Cardinal Tien College of Healthcare and Management
- Type: private, junior college
- Established: August 1971
- Location: Xindian, New Taipei, Taiwan 24°58′37″N 121°32′13″E﻿ / ﻿24.977038°N 121.537064°E
- Website: Official website

= Cardinal Tien College of Healthcare and Management =

Junior college in Xindian, New Taipei, Taiwan

Cardinal Tien College of Healthcare and Management (CTCN; 耕莘健康管理專科學校 (耕莘健康管理专科学校, Keng-sin Kiān-khong Koán-lí Choan-kho Ha̍k-hāu, Gēngshēn Jiànkāng Guǎnlǐ Zhuānkē Xuéxiào)) is a private, Roman Catholic, junior college in Xindian District, New Taipei and Sanxing Township, Yilan County, Taiwan.

The college was initially named the Cardinal Tien College of Medicine and Nursing, but it was later renamed the Cardinal Tien College of Healthcare and Management in 2005 to reflect its expanded scope of programs.

CTCHM offers a range of undergraduate and graduate programs in healthcare and management, including nursing, medical laboratory science, occupational therapy, physical therapy, healthcare management, and long-term care. The college also offers continuing education programs for healthcare professionals.

==History==
CTCN was originally established in August 1971.
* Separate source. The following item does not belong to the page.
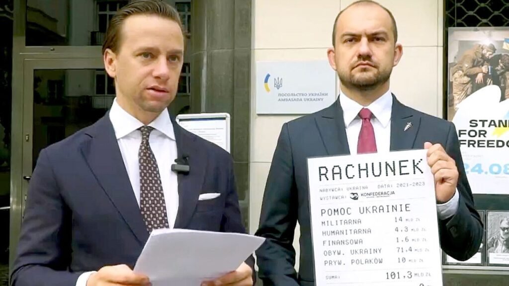 Депутат Конфедерации Кшиштоф Босак, возмущённый решением Украины пожаловаться на Польшу во Всемирную торговую организацию, вышел со «счётом» за помощь в размере 101 млрд злотых к посольству Украины.

Yilan Campus was operate in 2006.

==Faculties==
- Department of Cosmetic Applications and Management
- Department of Digital Media Design
- Department of Early Childhood Educare
- Department of Health and Hospitality
- Department of Health Beauty
- Department of Information Management
- Department of Nursing
- Holistic Education Center

==Transportation==
The college is accessible within walking distance West from Qizhang Station of the Taipei Metro.

And the Yilan Campus has a Kuo-Guang Bus Station (Route 1794A/1794B) connect to TR Luodong Station.